Keywords

1 Introduction

The eukaryotic cell has three types of nuclei that contain nuclear, mitochondrial , and plastid genomes (Kuroiwa 1982). Thus, biological attributes and/or functions in each species of photosynthetic eukaryotes are fundamentally based on consortia of these three genomic information sources, except for some nucleomorph-containing secondary phototrophs such as cryptophytes and chlorarachniophytes (Curtis et al. 2012). Therefore, complete determination of the information from all of the three genomes in a single eukaryotic species was considered tantamount to revealing the complete molecular blueprint of the eukaryote. Thanks to the skillful and patient work of Japanese researchers, the first complete plastid genome was successfully determined through manual DNA sequencing based on the radiolabeling method (Ohyama et al. 1986; Shinozaki et al. 1986) and the first cyanobacterial genome through the automated Sanger DNA sequencing method (Kaneko et al. 1996).

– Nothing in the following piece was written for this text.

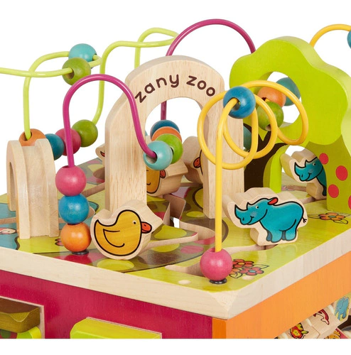 ¡Vive una aventura loopty-loo a través del Zany Zoo de B. toys! Este cubo de actividades de madera tiene todo lo que necesitan los amantes de los animales pequeños. Los niños pueden mover fácilmente las cuentas de colores a través de las pistas onduladas, abrir las puertas de peek-a-boo para descubrir sorpresas coloridas o aprender sobre todo tipo de animales haciendo girar las fichas ilustradas. ¡Este centro de actividades también cuenta con caminos en zigzag que permiten a los niños subir o bajar perillas inspiradas en animales! La construcción de madera es segura, suave y resistente, todas las características son fáciles de explorar para las manos pequeñas y las actividades ayudan a los niños pequeños a mejorar sus habilidades motoras finas, así como su coordinación ojo-mano. Recomendado para niños a partir de 12 meses.

Even in the current era of next-generation sequencing, the 100%-complete sequencing of all three eukaryotic genomes may seem as crazy an endeavor as “eating a bicycle,” which was once recorded in the Guinness Book of World Records (although this disturbing record has since been prohibited from nomination to the book). However, we indeed succeeded in the first 100%-complete eukaryotic genome in 2007, using automated Sanger sequencing of the unicellular red algal species Cyanidioschyzon merolae 10D (Nozaki et al. 2007). This world record was principally based on the ultrasmall genome size (ca. 16 megabase pairs) of C. merolae, as well as on three excellent previous studies: the 100%-complete mitochondrial genome sequence (Ohta et al. 1998), the 100%-complete plastid genome sequence (Ohta et al. 2003), and the first algal cell nuclear genome sequence (Matsuzaki et al. 2004).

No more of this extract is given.